> [DIRECTIONS FOR THIS TASK]: What needs reproducing is the run of lines in the data below starting at the line with "После 2-часового прогона" and ending at the line with "A differenza dello", both ends included. Copy it exactly, without pictures, and add nothing.

[Opening AVAILABLE RECORDS section]

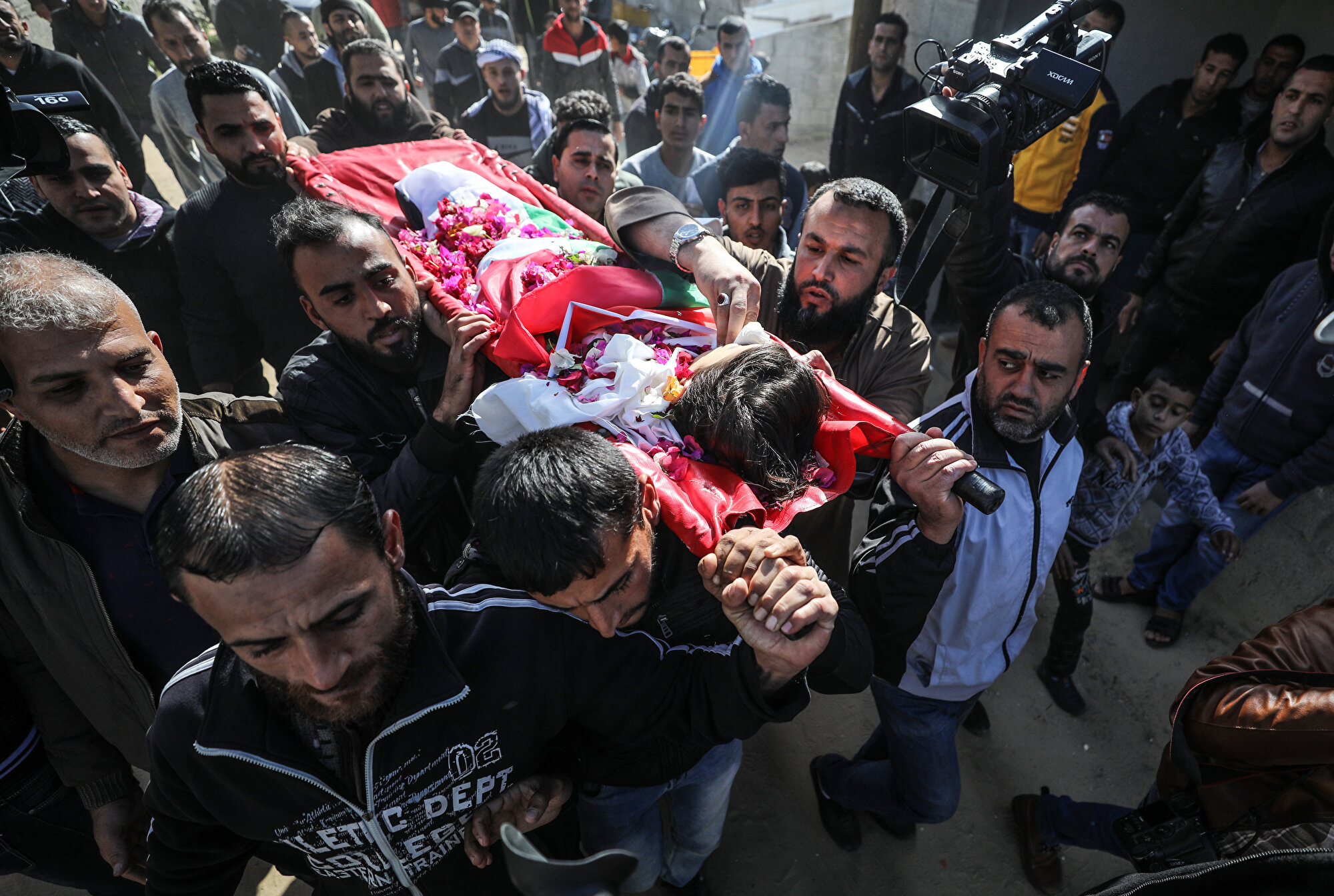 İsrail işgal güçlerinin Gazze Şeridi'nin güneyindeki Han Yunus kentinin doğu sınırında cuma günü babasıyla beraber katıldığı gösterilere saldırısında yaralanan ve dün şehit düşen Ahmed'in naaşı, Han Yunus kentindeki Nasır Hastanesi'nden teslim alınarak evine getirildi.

[Closing AVAILABLE RECORDS section]
[Opening AVAILABLE RECORDS section]

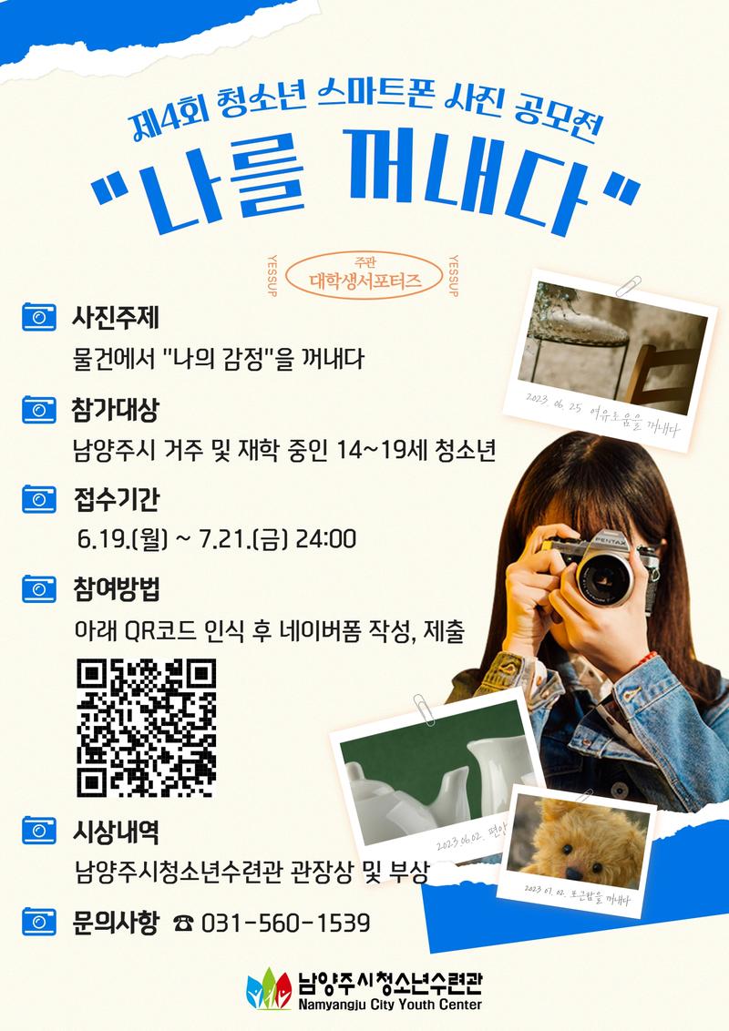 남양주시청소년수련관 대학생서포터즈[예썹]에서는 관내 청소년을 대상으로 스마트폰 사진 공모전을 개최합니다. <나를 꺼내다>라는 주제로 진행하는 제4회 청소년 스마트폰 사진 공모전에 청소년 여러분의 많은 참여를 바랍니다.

[Closing AVAILABLE RECORDS section]
[Opening AVAILABLE RECORDS section]

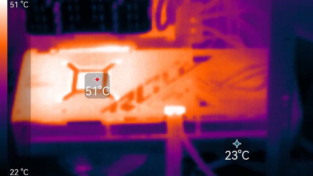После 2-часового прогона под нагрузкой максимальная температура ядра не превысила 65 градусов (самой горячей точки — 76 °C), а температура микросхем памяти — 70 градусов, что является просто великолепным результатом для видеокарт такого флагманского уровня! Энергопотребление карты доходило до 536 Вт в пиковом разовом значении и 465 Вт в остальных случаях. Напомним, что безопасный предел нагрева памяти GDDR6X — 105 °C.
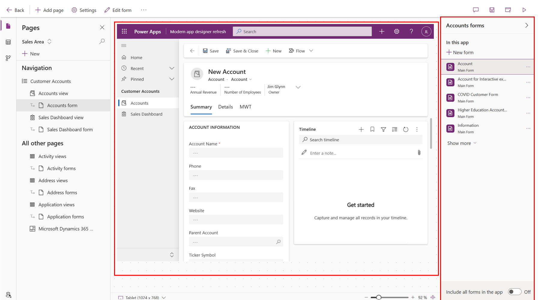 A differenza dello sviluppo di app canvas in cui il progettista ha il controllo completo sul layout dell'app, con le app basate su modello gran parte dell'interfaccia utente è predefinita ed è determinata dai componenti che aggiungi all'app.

[Closing AVAILABLE RECORDS section]

> [EXERCISE RESULT]:
После 2-часового прогона под нагрузкой максимальная температура ядра не превысила 65 градусов (самой горячей точки — 76 °C), а температура микросхем памяти — 70 градусов, что является просто великолепным результатом для видеокарт такого флагманского уровня! Энергопотребление карты доходило до 536 Вт в пиковом разовом значении и 465 Вт в остальных случаях. Напомним, что безопасный предел нагрева памяти GDDR6X — 105 °C.
 A differenza dello sviluppo di app canvas in cui il progettista ha il controllo completo sul layout dell'app, con le app basate su modello gran parte dell'interfaccia utente è predefinita ed è determinata dai componenti che aggiungi all'app.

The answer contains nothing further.